(The input)
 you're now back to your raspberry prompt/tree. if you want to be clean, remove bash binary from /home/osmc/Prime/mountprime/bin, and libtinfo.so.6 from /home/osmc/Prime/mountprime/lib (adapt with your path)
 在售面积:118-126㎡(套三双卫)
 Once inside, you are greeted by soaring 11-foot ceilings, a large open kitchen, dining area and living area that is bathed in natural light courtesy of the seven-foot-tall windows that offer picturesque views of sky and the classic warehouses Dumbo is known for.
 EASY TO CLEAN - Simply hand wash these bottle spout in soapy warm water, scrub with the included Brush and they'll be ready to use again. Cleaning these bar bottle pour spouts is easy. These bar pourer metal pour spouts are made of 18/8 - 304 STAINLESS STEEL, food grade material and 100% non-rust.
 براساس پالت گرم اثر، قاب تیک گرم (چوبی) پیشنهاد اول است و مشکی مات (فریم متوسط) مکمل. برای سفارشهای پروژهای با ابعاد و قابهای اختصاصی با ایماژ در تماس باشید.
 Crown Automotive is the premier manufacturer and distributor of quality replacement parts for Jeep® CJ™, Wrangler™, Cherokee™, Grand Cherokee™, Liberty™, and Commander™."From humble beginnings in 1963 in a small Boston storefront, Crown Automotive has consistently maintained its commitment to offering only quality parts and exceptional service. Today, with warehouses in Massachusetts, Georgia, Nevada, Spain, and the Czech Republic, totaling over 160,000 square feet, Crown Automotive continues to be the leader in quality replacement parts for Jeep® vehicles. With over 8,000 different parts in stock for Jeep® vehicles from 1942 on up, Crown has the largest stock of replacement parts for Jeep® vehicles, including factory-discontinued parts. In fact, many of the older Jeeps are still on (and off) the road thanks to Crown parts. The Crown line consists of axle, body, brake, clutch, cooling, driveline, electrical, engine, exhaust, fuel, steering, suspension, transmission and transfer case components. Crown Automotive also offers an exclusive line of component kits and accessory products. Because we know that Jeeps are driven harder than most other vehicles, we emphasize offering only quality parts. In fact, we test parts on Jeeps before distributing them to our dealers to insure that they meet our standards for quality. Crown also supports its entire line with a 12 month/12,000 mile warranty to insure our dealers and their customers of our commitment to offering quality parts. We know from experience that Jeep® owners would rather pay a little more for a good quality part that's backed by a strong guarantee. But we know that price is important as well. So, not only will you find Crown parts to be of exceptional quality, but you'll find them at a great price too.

==

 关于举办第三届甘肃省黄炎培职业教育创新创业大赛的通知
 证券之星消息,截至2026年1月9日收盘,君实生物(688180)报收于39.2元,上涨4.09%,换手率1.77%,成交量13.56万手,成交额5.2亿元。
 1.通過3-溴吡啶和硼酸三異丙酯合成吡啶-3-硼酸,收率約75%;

(What is expected)
Copy the stretch of the records above that runs from the line with "you're now back" through the line with "براساس پالت گرم". Both end lines belong in the copy, and nothing else does.

(Task solution)
 you're now back to your raspberry prompt/tree. if you want to be clean, remove bash binary from /home/osmc/Prime/mountprime/bin, and libtinfo.so.6 from /home/osmc/Prime/mountprime/lib (adapt with your path)
 在售面积:118-126㎡(套三双卫)
 Once inside, you are greeted by soaring 11-foot ceilings, a large open kitchen, dining area and living area that is bathed in natural light courtesy of the seven-foot-tall windows that offer picturesque views of sky and the classic warehouses Dumbo is known for.
 EASY TO CLEAN - Simply hand wash these bottle spout in soapy warm water, scrub with the included Brush and they'll be ready to use again. Cleaning these bar bottle pour spouts is easy. These bar pourer metal pour spouts are made of 18/8 - 304 STAINLESS STEEL, food grade material and 100% non-rust.
 براساس پالت گرم اثر، قاب تیک گرم (چوبی) پیشنهاد اول است و مشکی مات (فریم متوسط) مکمل. برای سفارشهای پروژهای با ابعاد و قابهای اختصاصی با ایماژ در تماس باشید.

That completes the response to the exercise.